Describe the performance of Kon-Tiki's central character as wooden and you've hit the nail on the head. Kon-Tiki was a balsa-wood raft Norwegian ethnographer and adventurer Thor Heyerdahl built in 1947 to prove ancient South Americans could have floated to Polynesia, thus challenging accepted theory that continental drift was west to east.
The raft was rudderless, had a skeletal crew of inexperienced seamen and a patchy radio. It became waterlogged and began to rot well before the 101-day voyage, covering 6300km of ocean, came to its reef-challenged conclusion.
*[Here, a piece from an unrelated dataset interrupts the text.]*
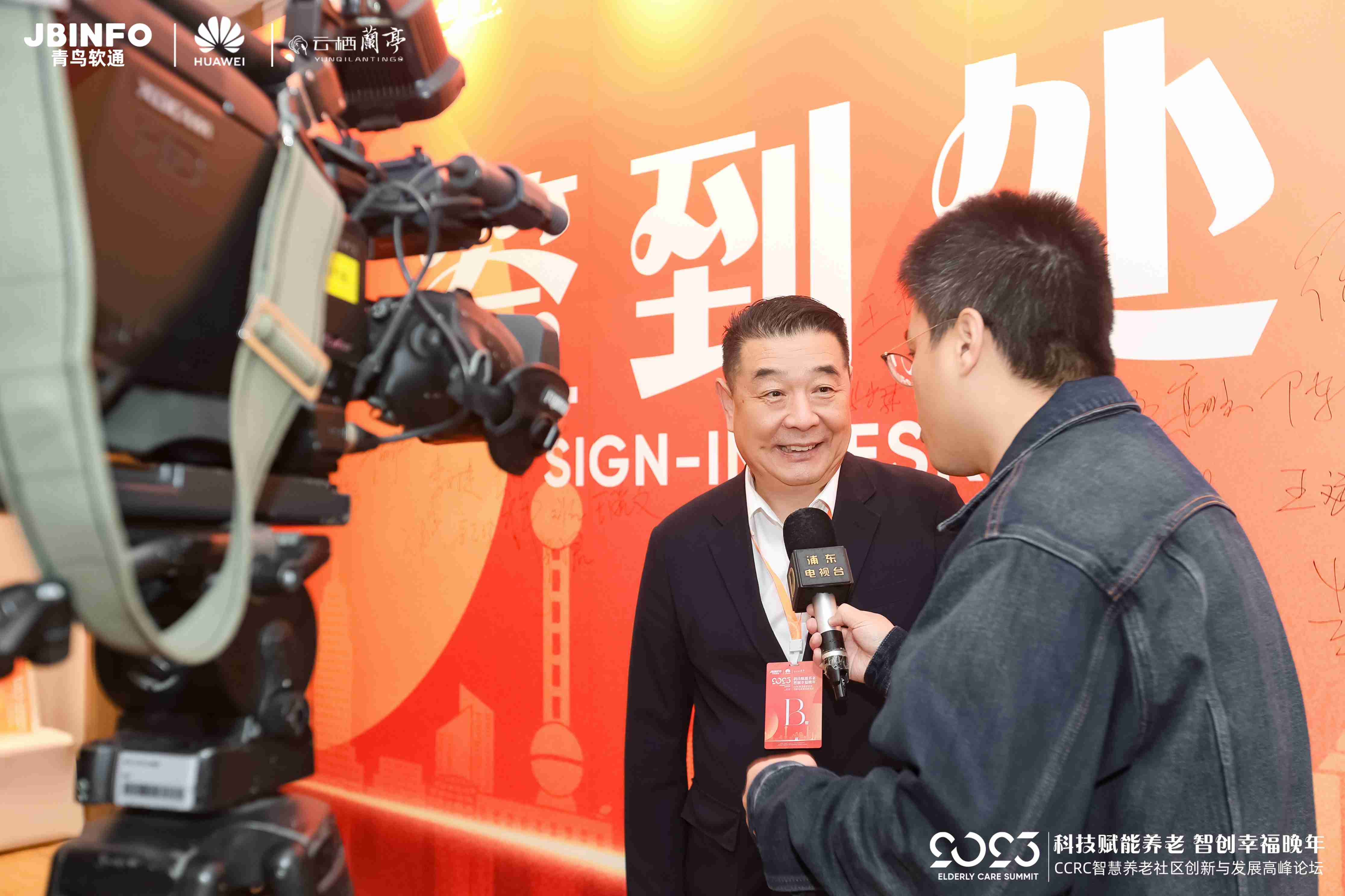 (图为东久企业发展(上海)有限公司总经理王新林,开场前接受浦东电视台采访)

Clearly co-directors Joachim Roenning and Espen Sandberg know a good story when they grow up with one.
The pair have made films together since they were 10, culminating in the huge domestic success of 2008 Norwegian biographical film Max Manus: Man of War and now Oscar- and Golden Globe-nominated Kon-Tiki. They grew up in a town near Larvik, where Heyerdahl was born.
"He was a great inspiration, not only because of his inspiring expedition, from the fact he went out and did crazy things no matter what people said, but also because he actually made a movie about it," enthuses Sandberg. "The Kon-Tiki documentary was the only Norwegian movie ever to win an Academy Award. To have a guy from the same kind of place as us winning that was a great inspiration."